However, existing research has not clarified the dynamic associations between category knowledge acquisition and specific cognitive parameters, necessitating systematic investigation of plastic changes in decision mechanisms during learning progression. At the neural mechanism level, although studies have confirmed that N1 (shape and feature perception), N250/FSP (categorical feature discrimination), N400/LPN (cross-modal paired learning), and Alpha, Theta, and Delta bands (cross-modal information processing) show specific representations in unisensory category learning and multisensory processing, how different ERP components and band power influence information accumulation rates and decision caution during multisensory category learning remains unknown.

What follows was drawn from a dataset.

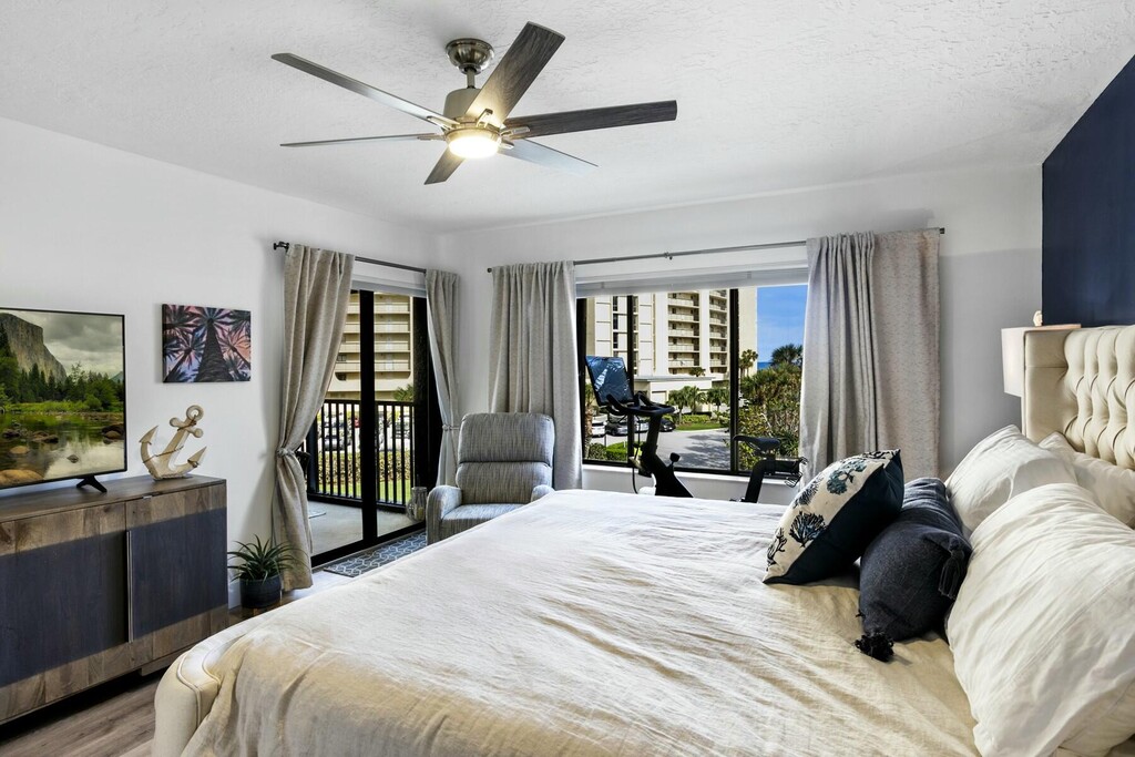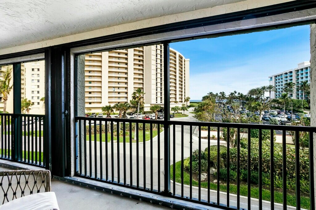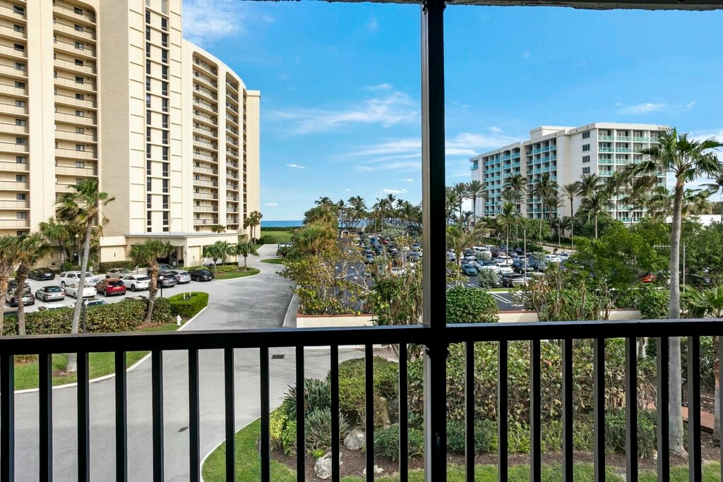 VIEW OF OCEAN, 300 steps from private beach. This oceanside oasis is walking distance to Jupiter Beach Resort (i.e. walk to spa and tiki bar), 1 mile from Jupiter's most favored dining spots..... UTiki, Guanabanas, Charlie & Joe's Love Street,Publix, Movie Theater and Harbourside. Enjoy your morning coffee with amenities that include 1 King Bed, 1 full size murphy bed, 2 full baths, eat in kitchen, loads of storage, massive walk-in closet. Perfect WFH location. DIRECT ocean view balcony with dining, beach chairs, bikes, umbrellas, beach toys etc., private parking spot, pool, hot tub, and tennis courts. Minimum 1 month rental.
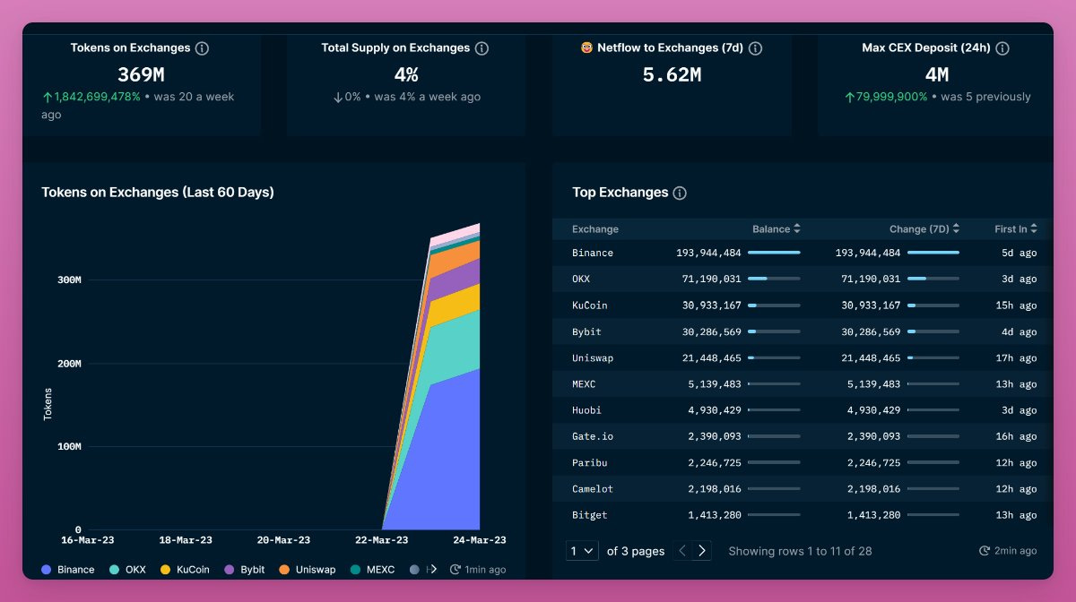 目前,總 $ARB供應量的 4% 存放在交易所(包括 DEX 流動資金池)。

This study integrates high-temporal-resolution EEG technology with cognitive modeling (DDM) to systematically parse the cognitive characteristics and neural mechanisms of multisensory category learning by constructing dynamic association models between ERP components/band power and DDM parameters from dual dimensions of neural oscillation and computational cognitive modeling. Based on evidence that unisensory category learning involves shape perception and categorical decision stages, and that multisensory information detection, memory, and learning involve multiple ERP components, we propose a hierarchical neural computational model hypothesis: multisensory category learning involves three stages—shape and feature perception, categorical feature integration, and categorical decision-making—with early ERP components associated with shape/feature perception and late components linked to categorical feature integration and decision-making. Additionally, considering that Theta, Alpha, and Delta bands are closely related to attention and memory processes, we hypothesize that power in these bands changes with learning progression, and that changes in ERP amplitudes and band power can predict dynamic variations in core DDM parameters such as drift rate.

2.1 Participants

Sample size was determined a priori using G*Power 3.1 software (Faul et al., 2007). Based on a repeated-measures design (effect size f = 0.25, α = 0.05, power = 0.80), the minimum required sample size was 21 participants. Following comparable research designs (Folstein, Fuller, et al., 2017; Folstein, Monfared, et al., 2017; Liu et al., 2024), we recruited 30 healthy university students (7 males, mean age 20.6 ± 1.32 years). To ensure data validity and accurate cognitive characterization, we excluded 6 participants who failed to achieve ≥80% accuracy in the final experimental block (Wu et al., 2021; Liu et al., 2021), retaining 24 valid datasets. All participants reported normal or corrected-to-normal vision and normal hearing, with no prior experience in similar experiments. The experimental protocol was approved by the Ethics Committee of the School of Psychology, Fujian Normal University (Approval No.: PSY240073). Participants provided written informed consent prior to the experiment and received ¥50 compensation upon completion.

Experimental Design

This study employed a single-factor within-subjects design with learning stage as the independent variable, comprising three conditions: early, middle, and late learning stages. Dependent variables systematically included behavioral and neurophysiological metrics: at the behavioral level, we collected accuracy and reaction time data and extracted four core cognitive parameters from the drift-diffusion model (drift rate, non-decision time, starting point position, decision boundary); at the neurophysiological level, we simultaneously recorded event-related potential (ERP) component characteristics and EEG band power changes.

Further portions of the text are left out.